A poignant but realistic look at the drug subculture
18 May 2002 | by See all my reviews

If you're one of the so-called `art-film' aficionados who was disappointed, as I was, by Requiem for a Dream (and even if you weren't), you'll love Drugstore Cowboy. Directed by the man who gave us such classics as To Die For and Good Will Hunting, Drugstore Cowboy is, without doubt, Van Sant's greatest work. It's a magnificent time capsule from the early seventies, having no reference to the Vietnam War, Kent State, or any other icon of the period. It's purely about the drug subculture.

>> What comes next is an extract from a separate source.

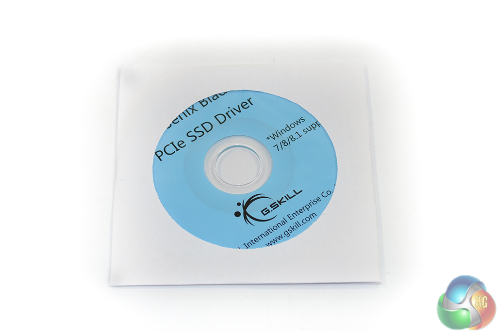 An additional bracket is supplied, allowing the drive to be used in a chassis with half-height PCIe expansion slots. The driver CD contains the software required to use the drive and to install Windows onto it.

Set along the affluent north Atlantic seaboard, where pharmacies and drugstores litter the urban landscape, the drama revolves around four friends who support their drug habits by robbing the official dispensaries of addictive substances. An interesting and compelling setup all by itself, in lesser hands, the script and action would be enough to produce a decent flick; but, it goes way beyond that. Matt Dillon gives what I think is his best performance ever, a perfectly charming substance abuser who has created a little cocoon of a world all to himself. Like little moons revolving around his dreamy and sometimes terrifying little world, the drugstores he stalks all promise a one-way trip to a different place. As viewers, we're all sucked in by the gravity of his world, such that we even begin to understand and believe his peculiar little superstitious rituals. In this special existence, they make sense. To transgress against the rules is to court disaster. And like Adam in the garden, he eventually breaks his own rules, and pays the price.

But it's a fortunate fall from grace. Drugstore Cowboy is completely realistic in its portrayal of the full-blown addict's hitting rock bottom, an experience that is foundational in the wisdom of AA. The recovery scenes are moving in their sincerity and simplicity, none of which is sugarcoated or saccharine. And yet, the recovery scenes are both joyous and heartbreakingly poignant. God, what a great movie.